• _INFORMATION PROVIDED_
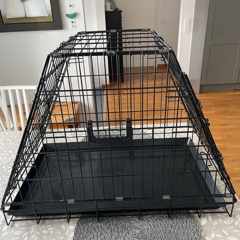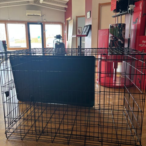 Ihopfällbar hundbur med måtten Ca 56*93cm höjd 65cm i nyskick. Inköpt på Djurmagazinet för 1095kr. Säljes för 600kr. Hämtas i Hasslerör utanför Mariestad
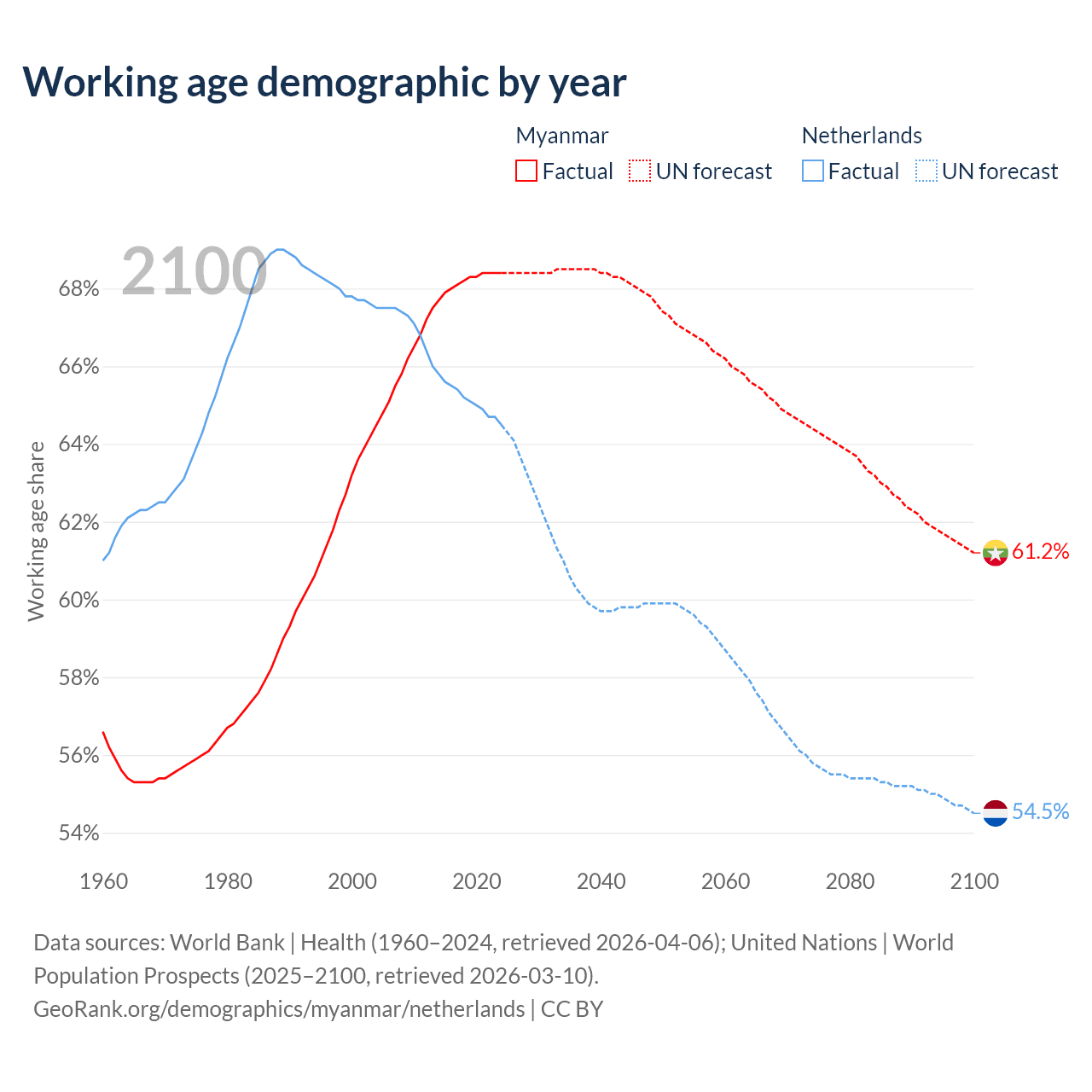- Myanmar has 37.8M working age adults (aged 15-64) vs 11.8M in the Netherlands.
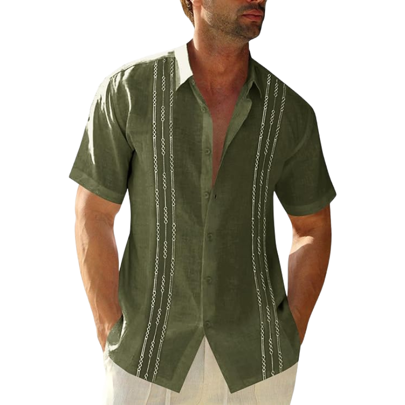 Men's Short Sleeve Guayabera Shirts Linen Cotton Button Down Mexican Embroidered Cuban Wedding Shirt Summer Beach Tops (militarygreen, 3XL)
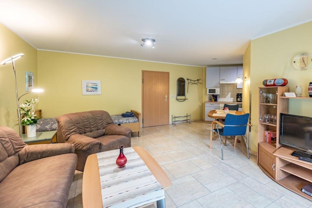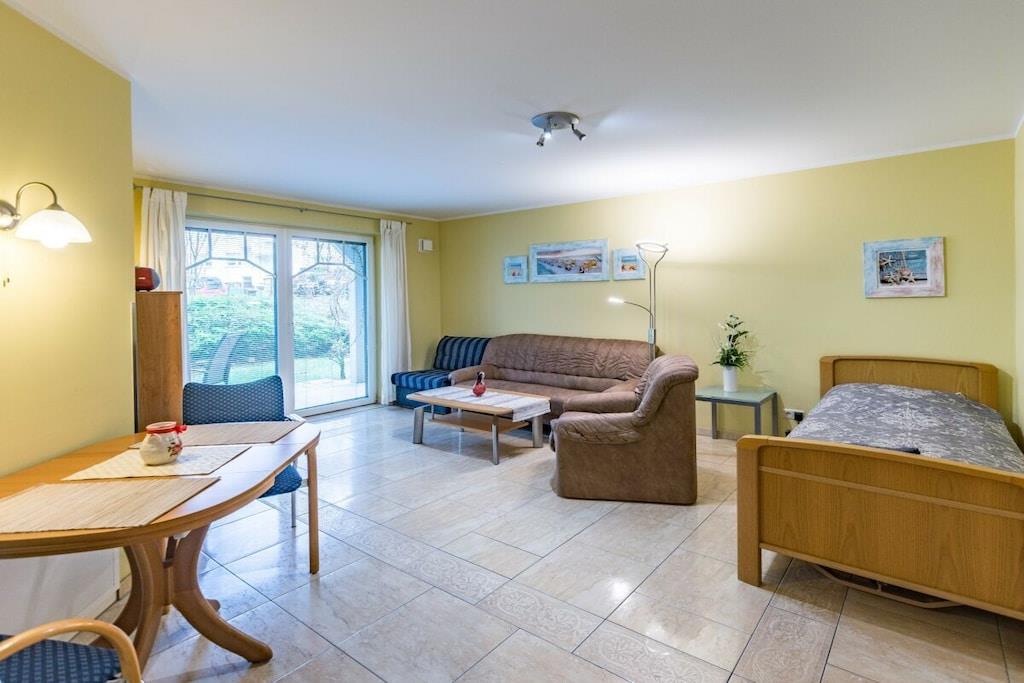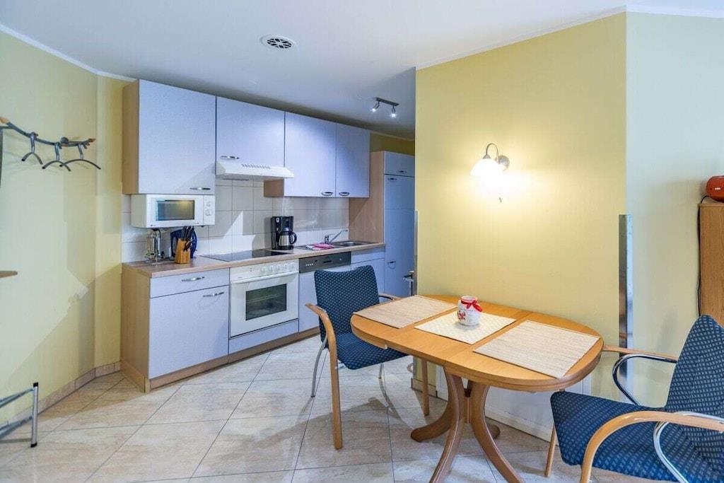Kælderetage: (åbent køkken(, tekøkken, spisebord, kakkelovn, kogeplade, elkedel, brødrister, kaffemaskine, ovn, mikrobølgeovn, opvaskemaskine , køleskab, fryser, varme), stue / spisestue(, , enkeltseng, Fjernsyn, spisebord, DVD-afspiller, radio, CD-afspiller, varme, havemøbler), soveværelse(, dobbeltseng, varme), badeværelse(, toilet, bruser, håndvask, varme, føntørrer)) , Internetadgang, tørretumbler, vaskemaskine, varme, terrasse(havemøbler), parkering, strygebræt, strygejern, tørreskab, Vaskeripakke mod et gebyr, telefon
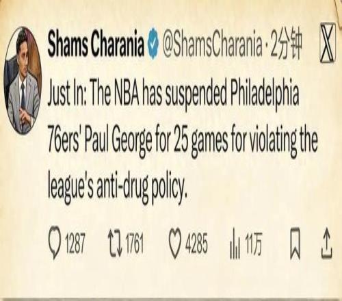 北京时间2月1日,就在联盟各支球队都在紧锣密鼓地展开引援操作的时候,名记Shams突然报道:费城76人前锋乔治因为违反联盟禁药政策,被联盟处以禁赛25场的处罚。

• _YOUR GOAL_
The entries are to be printed exactly as written; the pictures are to be left out.

• _ANSWER FOR THIS EXERCISE_
 Ihopfällbar hundbur med måtten Ca 56*93cm höjd 65cm i nyskick. Inköpt på Djurmagazinet för 1095kr. Säljes för 600kr. Hämtas i Hasslerör utanför Mariestad
- Myanmar has 37.8M working age adults (aged 15-64) vs 11.8M in the Netherlands.
 Men's Short Sleeve Guayabera Shirts Linen Cotton Button Down Mexican Embroidered Cuban Wedding Shirt Summer Beach Tops (militarygreen, 3XL)
Kælderetage: (åbent køkken(, tekøkken, spisebord, kakkelovn, kogeplade, elkedel, brødrister, kaffemaskine, ovn, mikrobølgeovn, opvaskemaskine , køleskab, fryser, varme), stue / spisestue(, , enkeltseng, Fjernsyn, spisebord, DVD-afspiller, radio, CD-afspiller, varme, havemøbler), soveværelse(, dobbeltseng, varme), badeværelse(, toilet, bruser, håndvask, varme, føntørrer)) , Internetadgang, tørretumbler, vaskemaskine, varme, terrasse(havemøbler), parkering, strygebræt, strygejern, tørreskab, Vaskeripakke mod et gebyr, telefon
 北京时间2月1日,就在联盟各支球队都在紧锣密鼓地展开引援操作的时候,名记Shams突然报道:费城76人前锋乔治因为违反联盟禁药政策,被联盟处以禁赛25场的处罚。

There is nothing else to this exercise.